I came across this neat problem and wanted to hear your solution for it. No cheating.
You have two identical light bulbs, and a 100 story building. You want to find out from which story (if any) the light bulbs will break when dropped. Come up with an algorithm that minimizes the maximum drops (keeping in mind that once a light bulb breaks, you can't reuse it). Once you've done that, try to find the general solution!
start at 50 then go up one (51). Then go to 1 below (49). if it doesn't break at 51 go higher and skip 49. If it breaks at 51 then go to 49 and if it breaks go lower if not then its 50.
Ehh, I think I have it.
Assuming the breaking threshhold has an even chance to be at any floor 1-100, drop the first at floor 50 for optimal efficiency. Keep record of tested and untested floors.
If the last bulb broke, drop the current bulb halfway between the last tested floor and either the closest tested floor below the last one or (if there are no tested floors below the last tested floor), floor 1. Round to nearest floor if necessary.
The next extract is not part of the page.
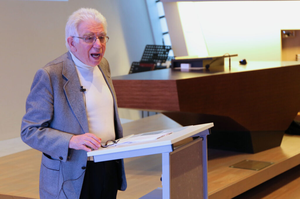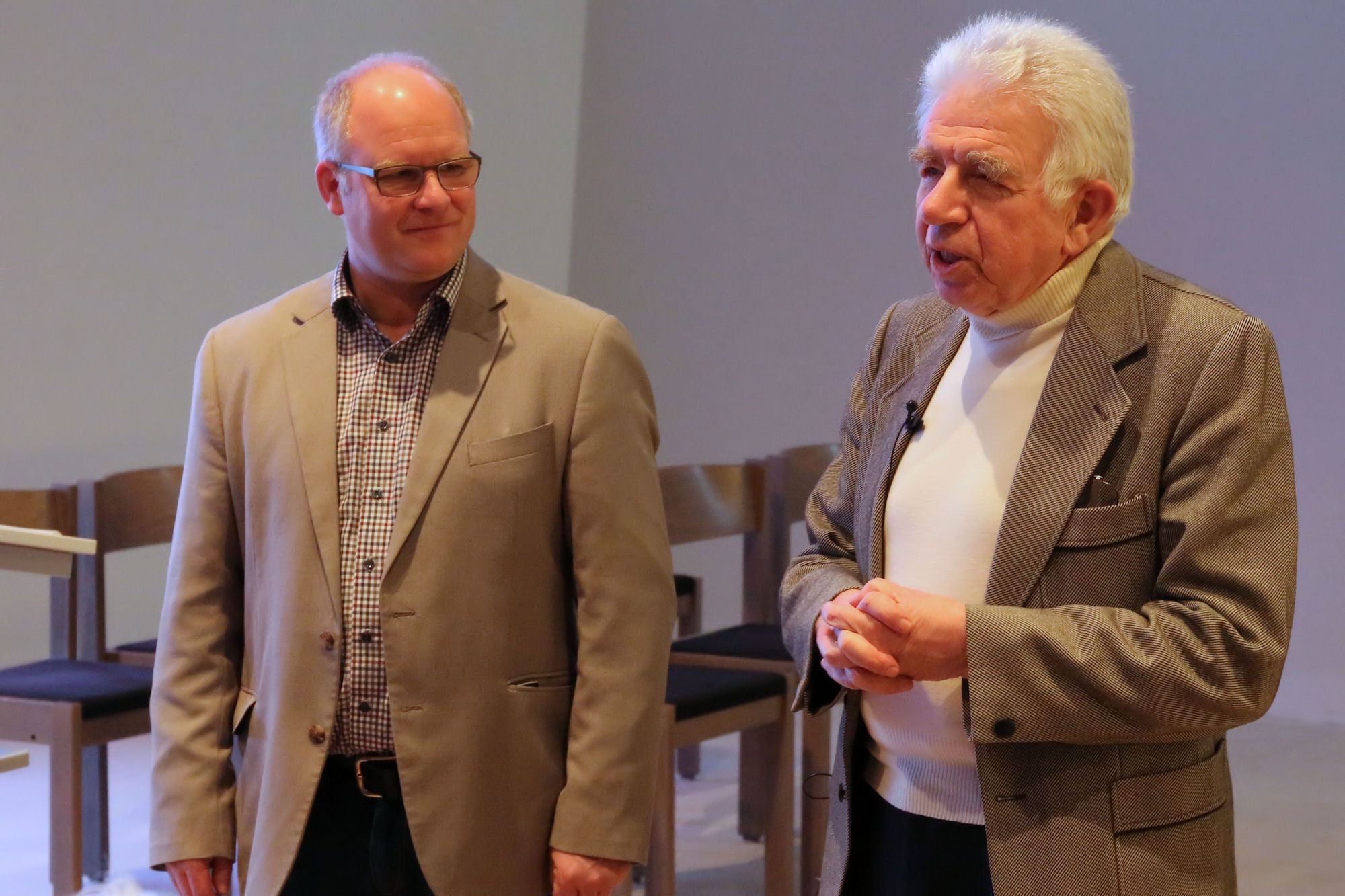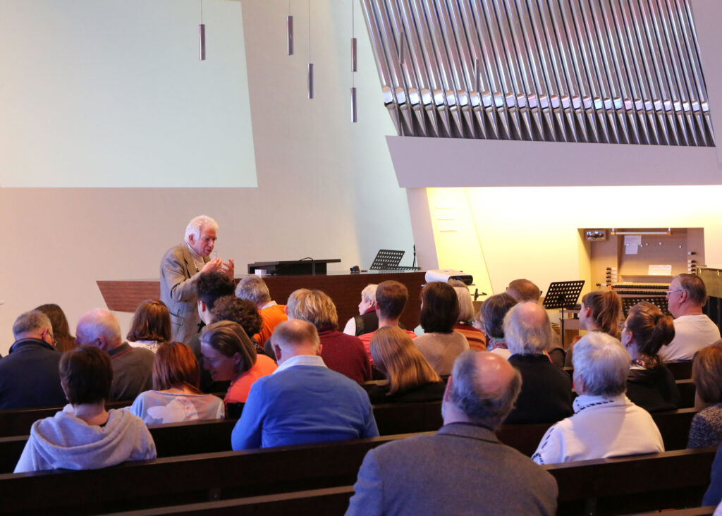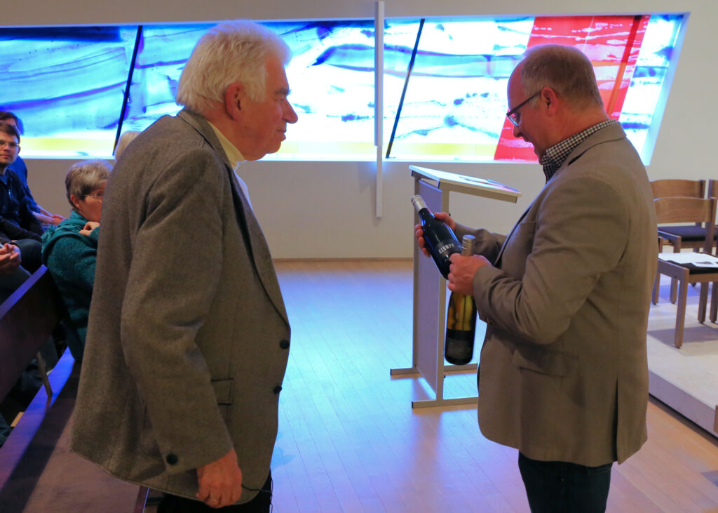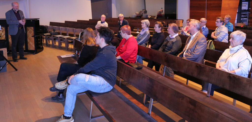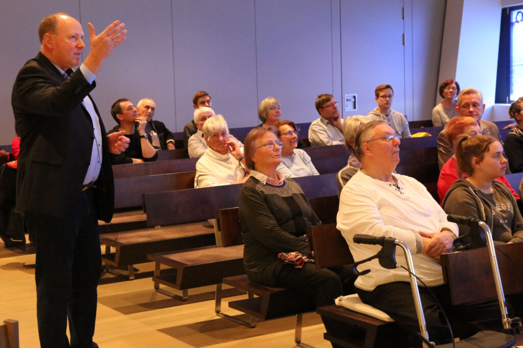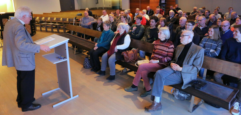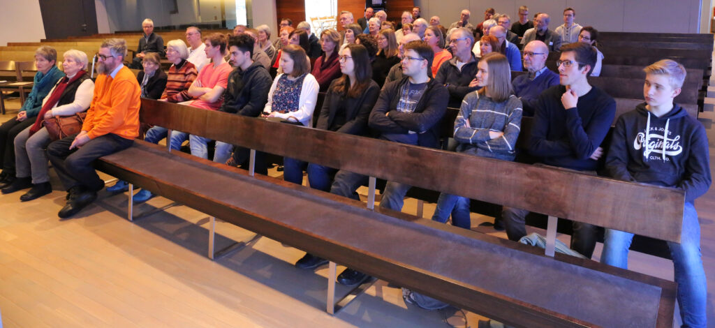 Den Nachmittag eröffnete dann der Hausherr, Gemeindevorsteher Frank Arlaud, in dem er die Architektur des Kirchengebäudes erläuterte, die ebenfalls Jesu, das Kreuz und die Größe Gottes in den Mittelpunkt rücken soll. Der Nachmittagsvortrag von Bischof Klaiber hatte das Thema „Für uns gestorben!? Von der existentiellen Bedeutung des Kreuzes für uns heute“. Dank seines Wissens ein erneut beeindruckendes Erlebnis, das vielen Zuhörern noch lange im Gedächtnis bleiben dürfte.
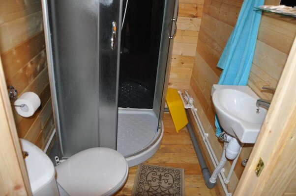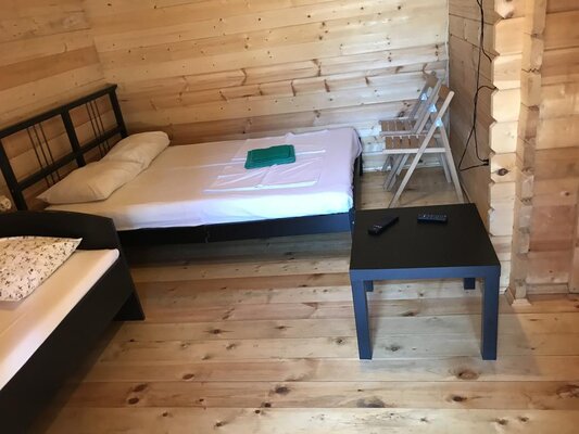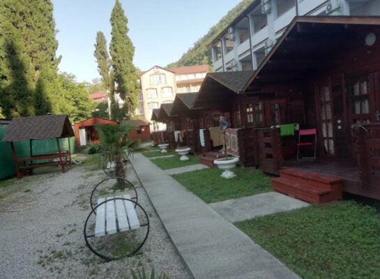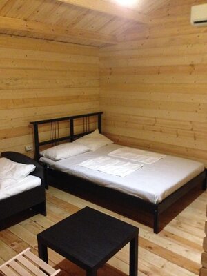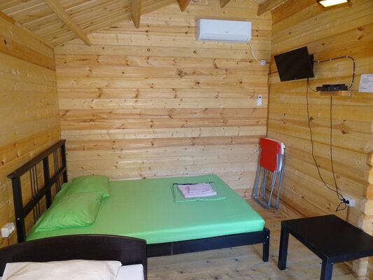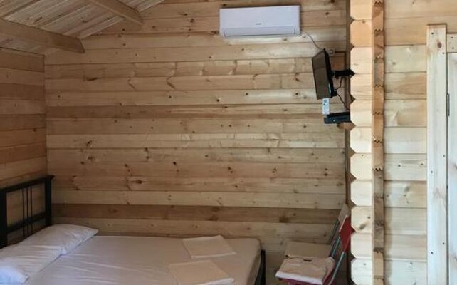 Номерной фонд состоит из 6 трехместных деревянных коттеджей площадью 24 кв. м.

If the last bulb survived, drop the current bulb halfway between the last tested floor and either the closest tested floor above the last one or (if there are no tested floors above the last tested floor), floor 100. Round to nearest floor if necessary.
Iterate algorithm until the current floor for testing is the same as the last tested floor. If the bulb survived the drop from this floor, this floor is the maximum height the bulb will survive. If the bulb did not survive the drop from this floor, the floor below it is the maximum height the bulb will survive.
I think I overdid it just a bit, but I hope it makes sense.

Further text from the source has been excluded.